4
votes

I am currently exploring delta lake which is open sourced by databricks. I am reading kafka data and writing as stream using delta lake format. Delta lake creates many files during streaming write from kafka which i feel hearts hdfs file system.

I have tried following to compact multiple files to single file.

val spark =  SparkSession.builder
    .master("local")
    .appName("spark session example")
    .getOrCreate()

  val df = spark.read.parquet("deltalakefile/data/")

  df.repartition(1).write.format("delta").mode("overwrite").save("deltalakefile/data/")
  df.show()

  spark.conf.set("spark.databricks.delta.retentionDurationCheck.enabled","false")

  DeltaTable.forPath("deltalakefile/data/").vacuum(1)

But when i checked output it is creating new file and not removing any existing files.

Is there is way to achieve this. Also what is relation of retention period here? How should we configure it in HDFS while using? What should be my configuration for retention when i want to build raw/bronze layer with delta lake format and i want to preserve my all data for long period (years on premises/infinite time on cloud)?

1

1 Answers

5
votes

By design, Delta doesn't immediately remove files to prevent active consumers from being impacted. It also provides the versioning (aka time-travel) so you can see history if necessary. To remove previous versions or uncommitted files you need to run vacuum.

import io.delta.tables._

val deltaTable = DeltaTable.forPath(spark, pathToTable)
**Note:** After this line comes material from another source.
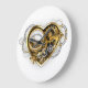 Cardíaco mecânico, volumétrico e steampunk com manômetros de pressão, de aço e de ouro sobre fundo branco. Estilo Steampunk.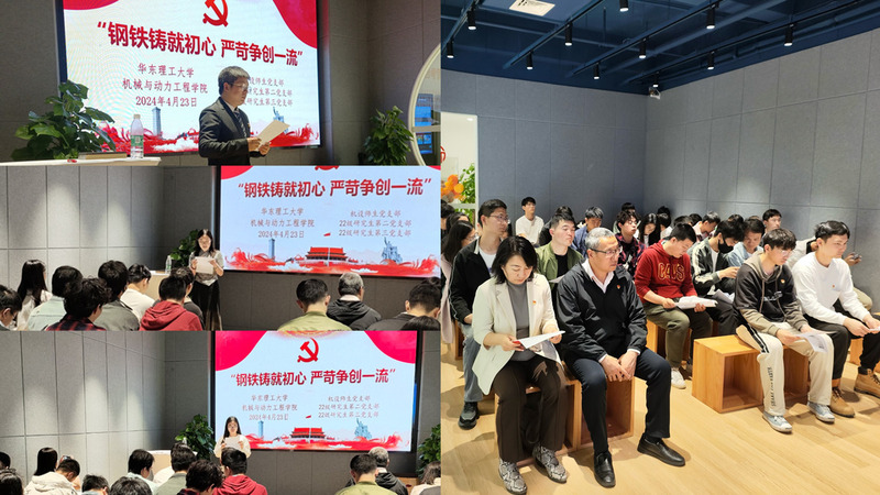 在宝钢工业创享园党性教育体验中心,机设师生党支部副书记邵聪鹏、22级研究生第二党支部书记吴依婷、22级研究生第三党支部书记高妍分别以“什么是新质生产力”、“教育、科技、人才协同支撑强国建设”、“科教兴国战略助力中国式现代化”为主题开展专题党课。通过专题党课的学习,现场师生党员对“新质生产力”“科教兴国”“人才强国”的内涵有了更加深入的领悟,进一步提高了政治站位,深化了思想认识,强化了责任担当。

deltaTable.vacuum() // use default retention period

In terms of your question on how to manage retention and compaction for bronze/silver/gold model, you should treat your landing table (aka bronze) as an append-only log. That means you don't need to perform compaction or any rewrites after the fact. The bronze table should be a record of the data you ingested from your upstream data source (e.g. Kafka) with minimal processing applied.

The bronze table is typically used as an incremental stream source to populate downstream datasets. Given that reading from Delta is done from the transaction log, small files is not such an issue compared to using the standard file readers that perform slow file listings.

However, there are still some some options to optimize the files as you write them to the bronze table: 1) compact your Kafka messages as you write out to Delta by first repartitioning to reduce the number of files, 2) increase your trigger interval so the ingest runs less frequently and is writing more messages to larger files.